§ **Source material**:
####################

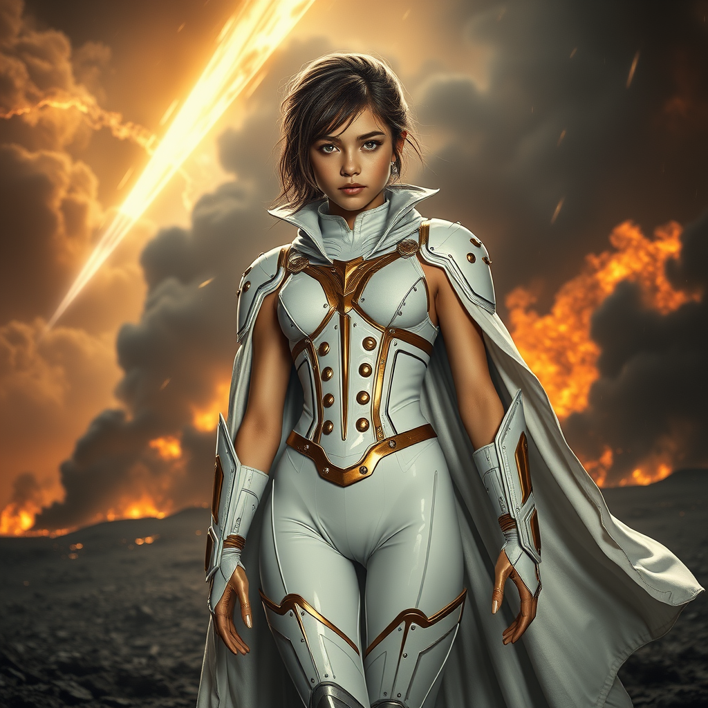 A stunningly beautiful young girl with a slender, athletic figure and an aristocratic face stands confidently, showcasing an intriguing blend of arrogance and innocence in her expression. She is adorned in glossy, sci-fi-inspired battle armor reminiscent of styles seen in Ghost In The Shell, featuring a tight white jumpsuit with armored leggings and a dense, flowing cloak. The scene unfolds amidst a dramatic meteor shower, with black smoke arising from distant fires against a backdrop of thunderclouds and reflections of the fiery chaos. The atmosphere is intensely dramatic and crushing, filled with hyper-realistic details, natural reflections, and textures highlighted by stained, cinematic lighting. Enhanced by blinding light, her outfit includes a golden corset with symmetrical rivets. Her look is further characterized by bare arms, neck, and chest, creating a striking contrast to the tech-enhanced armor. The setting is detailed and immersive, without imperfections like distortions or duplications, capturing an otherworldly yet realistic vision without any visual flaws or extraneous elements.
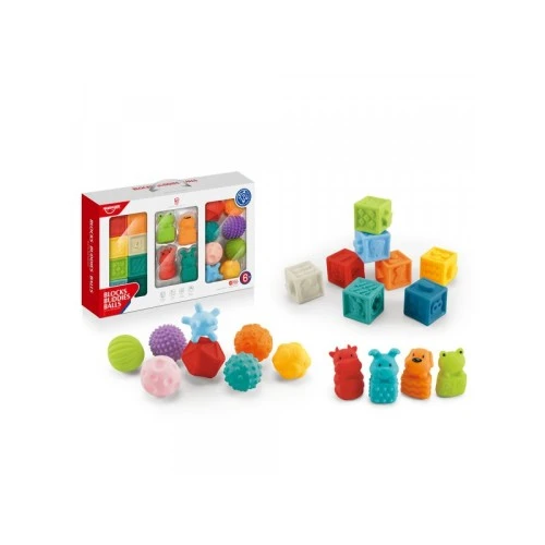 | Karakteristike | Set koji sadrži 20 edukativnih i mekanih igračaka. Igračke su napravljene od bezbednih materijala, sa zaobljenim ivicama, pogodne su za bebinu šaku i mogu služiti i kao glodalice. Različitih su boja i oblika, podstiču finu motoriku i aktiviraju bebina čula. Specifičan dizajn u vidu ispupčenih i udubljenih delova čini ove igračke posebno pogodnim za razvoj taktilnog čula deteta. |
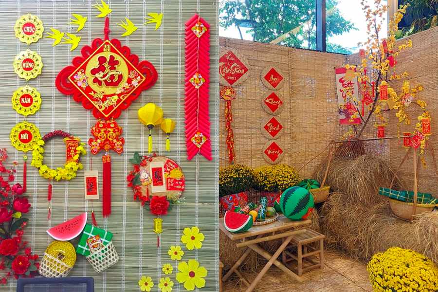 Sử dụng rơm rạ để lót nền, mô hình giỏ hoa được bố trí xung quanh. Bạn kết hợp thêm lồng đèn, cành mai, pháo, câu đối để treo lên mành tre.
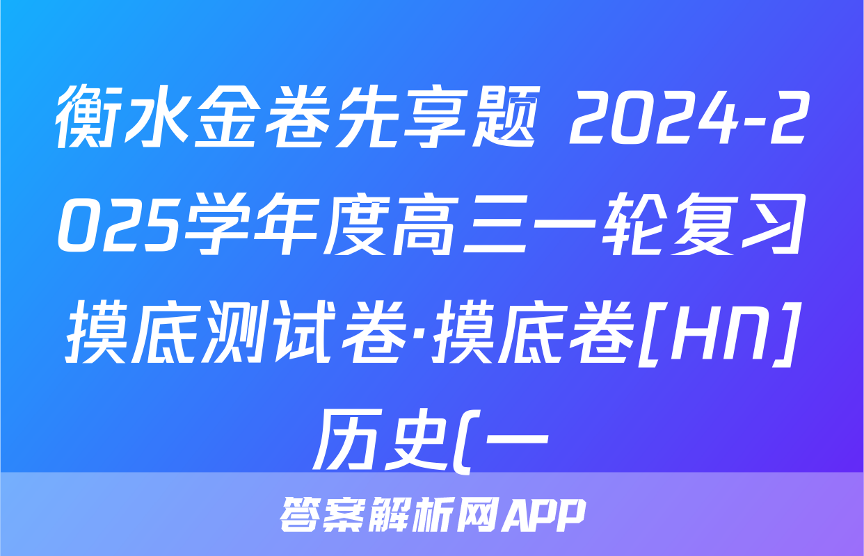 衡水金卷先享题 2024-2025学年度高三一轮复习摸底测试卷·摸底卷[HN]历史(一)1答案,目前2024-2025英语周报圈已经汇总了衡水金卷先享题 2024-2025学年度高三一轮复习摸底测试卷·摸底卷[HN]历史(一)1答案的各科答案和试卷,获取更多{{papers_name}}答案解析,请在关注本站。

####################

§ **Work order**: Transcribe the listing exactly, skipping pictures.

§ **Your solution**:
 A stunningly beautiful young girl with a slender, athletic figure and an aristocratic face stands confidently, showcasing an intriguing blend of arrogance and innocence in her expression. She is adorned in glossy, sci-fi-inspired battle armor reminiscent of styles seen in Ghost In The Shell, featuring a tight white jumpsuit with armored leggings and a dense, flowing cloak. The scene unfolds amidst a dramatic meteor shower, with black smoke arising from distant fires against a backdrop of thunderclouds and reflections of the fiery chaos. The atmosphere is intensely dramatic and crushing, filled with hyper-realistic details, natural reflections, and textures highlighted by stained, cinematic lighting. Enhanced by blinding light, her outfit includes a golden corset with symmetrical rivets. Her look is further characterized by bare arms, neck, and chest, creating a striking contrast to the tech-enhanced armor. The setting is detailed and immersive, without imperfections like distortions or duplications, capturing an otherworldly yet realistic vision without any visual flaws or extraneous elements.
 | Karakteristike | Set koji sadrži 20 edukativnih i mekanih igračaka. Igračke su napravljene od bezbednih materijala, sa zaobljenim ivicama, pogodne su za bebinu šaku i mogu služiti i kao glodalice. Različitih su boja i oblika, podstiču finu motoriku i aktiviraju bebina čula. Specifičan dizajn u vidu ispupčenih i udubljenih delova čini ove igračke posebno pogodnim za razvoj taktilnog čula deteta. |
 Sử dụng rơm rạ để lót nền, mô hình giỏ hoa được bố trí xung quanh. Bạn kết hợp thêm lồng đèn, cành mai, pháo, câu đối để treo lên mành tre.
 衡水金卷先享题 2024-2025学年度高三一轮复习摸底测试卷·摸底卷[HN]历史(一)1答案,目前2024-2025英语周报圈已经汇总了衡水金卷先享题 2024-2025学年度高三一轮复习摸底测试卷·摸底卷[HN]历史(一)1答案的各科答案和试卷,获取更多{{papers_name}}答案解析,请在关注本站。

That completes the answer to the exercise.